Work to complete - An exact copy of the data is required; the images should not appear in it.
--- Collected material Enclosed Below ---
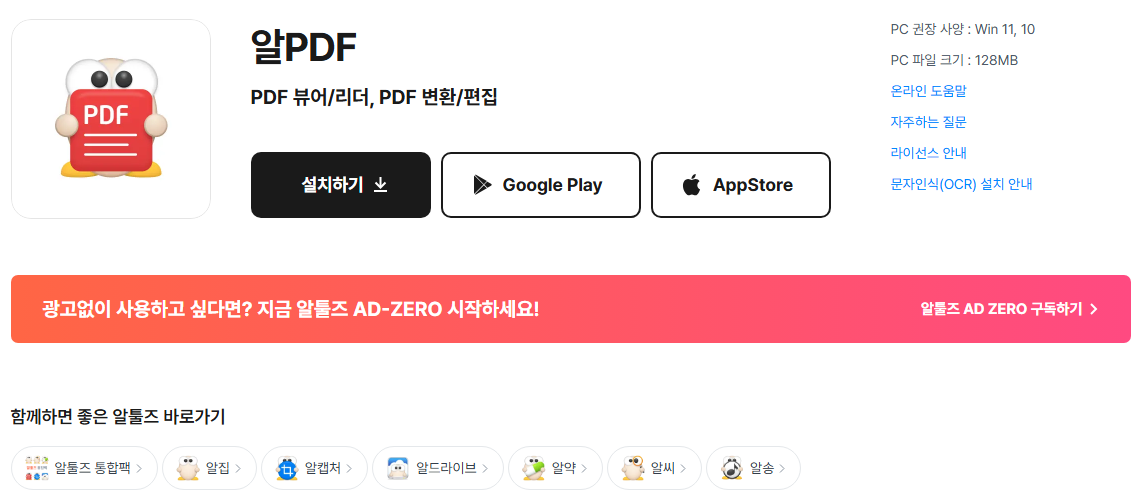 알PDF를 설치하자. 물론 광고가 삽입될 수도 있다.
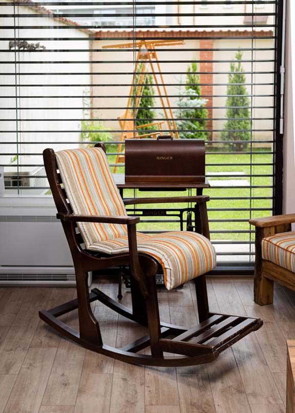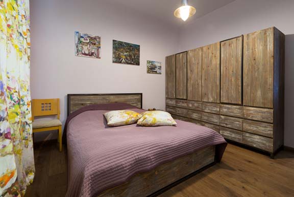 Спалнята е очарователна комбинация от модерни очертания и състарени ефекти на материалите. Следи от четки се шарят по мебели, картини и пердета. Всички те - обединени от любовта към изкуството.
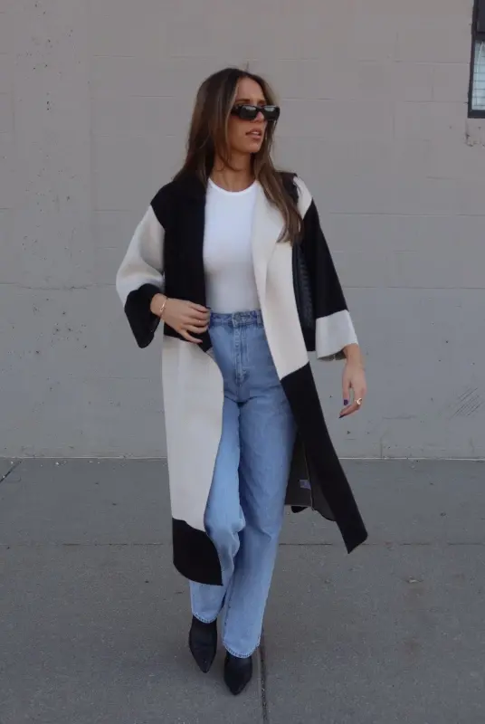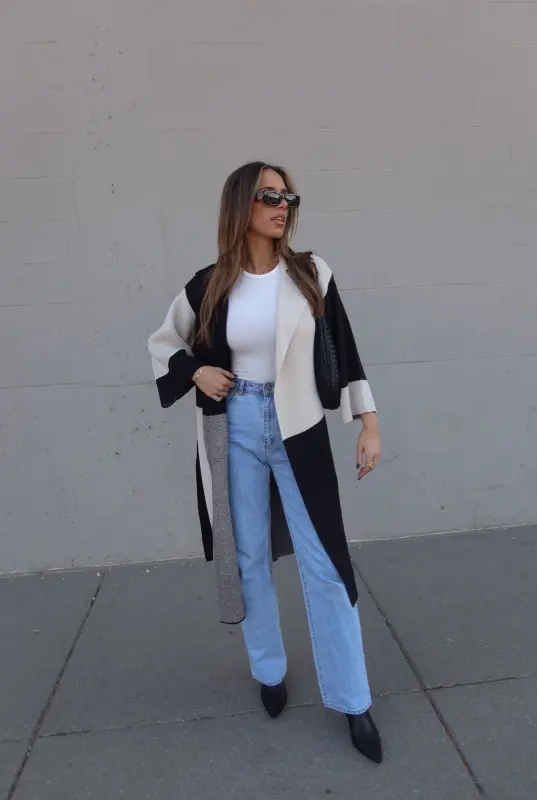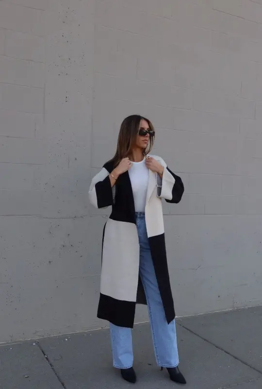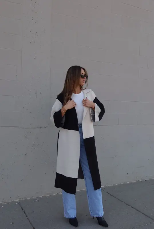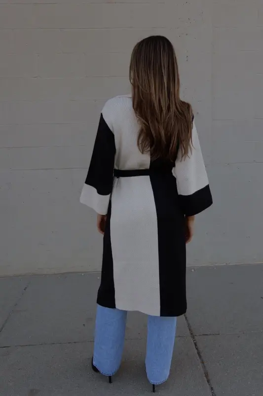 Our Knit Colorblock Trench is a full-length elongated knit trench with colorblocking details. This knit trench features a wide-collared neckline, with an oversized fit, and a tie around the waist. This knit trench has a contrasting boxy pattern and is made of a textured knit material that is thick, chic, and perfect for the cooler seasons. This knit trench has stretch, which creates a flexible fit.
--- End of Enclosed Collected material ---
Solution for this problem -
 알PDF를 설치하자. 물론 광고가 삽입될 수도 있다.
 Спалнята е очарователна комбинация от модерни очертания и състарени ефекти на материалите. Следи от четки се шарят по мебели, картини и пердета. Всички те - обединени от любовта към изкуството.
 Our Knit Colorblock Trench is a full-length elongated knit trench with colorblocking details. This knit trench features a wide-collared neckline, with an oversized fit, and a tie around the waist. This knit trench has a contrasting boxy pattern and is made of a textured knit material that is thick, chic, and perfect for the cooler seasons. This knit trench has stretch, which creates a flexible fit.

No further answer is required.